Delmere brûlait dans ma tête : les cris cousus dans les flammes, la façon dont la terre prenait les gens et recrachait de la fumée. Tout le monde s'était transformé en cendres cette nuit-là. Tout le monde sauf ceux qui étaient partis. Y compris celle que j'avais juré de protéger, la première personne qui avait compté pour moi. Elle était censée être en vie.
Au lieu de cela, elle était partie. Assassinée.
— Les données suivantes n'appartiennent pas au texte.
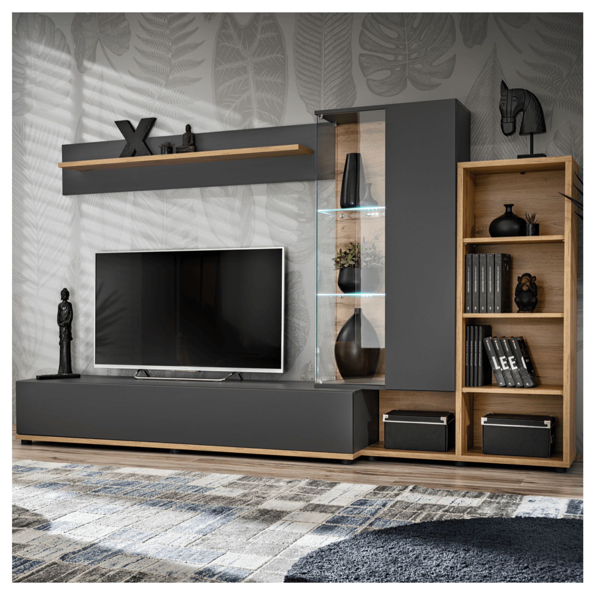 Obývacia stena JAMIL II - dub wotan/antracitová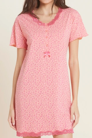 Camicia da notte donna cotone camelia manica corta scollo serafino con stampa a fiori e dettagli in pizzo

Et maintenant je regardais une photographie de la fille qui avait survécu, souriant comme une enfant lors d'un pique-nique, et la pensée tomba comme de la glace.
'Seline veut brûler cet endroit et s'enfuir dans un autre monde. Elle a dit que je ne pourrais pas y survivre. Aucun de nous ne le pourrait. Parce que nous ne sommes pas aussi courageux qu'elle.'
La voix naïve de Célia résonnait en écho. J'avais ri à l'époque. J'aurais dû écouter.
Alors Seline a fait ce qu'elle avait promis. Elle a brûlé Delmere. Elle est sortie avec des cendres sur les mains et a laissé sa sœur derrière. Elle a laissé Célia mourir dans le feu.
Elle l'a tuée.
La photographie se froissa sous mes doigts. Ma respiration se coupa. La haine monta en moi, brute et immédiate.
Elle n'est pas juste une menteuse.
Pas juste une survivante.
Elle est pire que ça.
Un monstre calculateur dans une robe d'enfant.
Une putain de sociopathe.
C'est drôle. Les gens m'ont déjà appelé comme ça.
J'ai rencontré mon adversaire ce soir, et il n'y aura pas de pitié. Pas de pardon.
Pour Célia.
Je vais faire de la vie de Seline un enfer vivant. Je vais la détruire, morceau par morceau, jusqu'à ce que chaque parcelle de sa confiance, chaque petite victoire, chaque souffle qu'elle prend ait le goût de cendres.
Ce n'est pas de la justice. C'est de la faim. C'est de la vengeance. C'est à moi.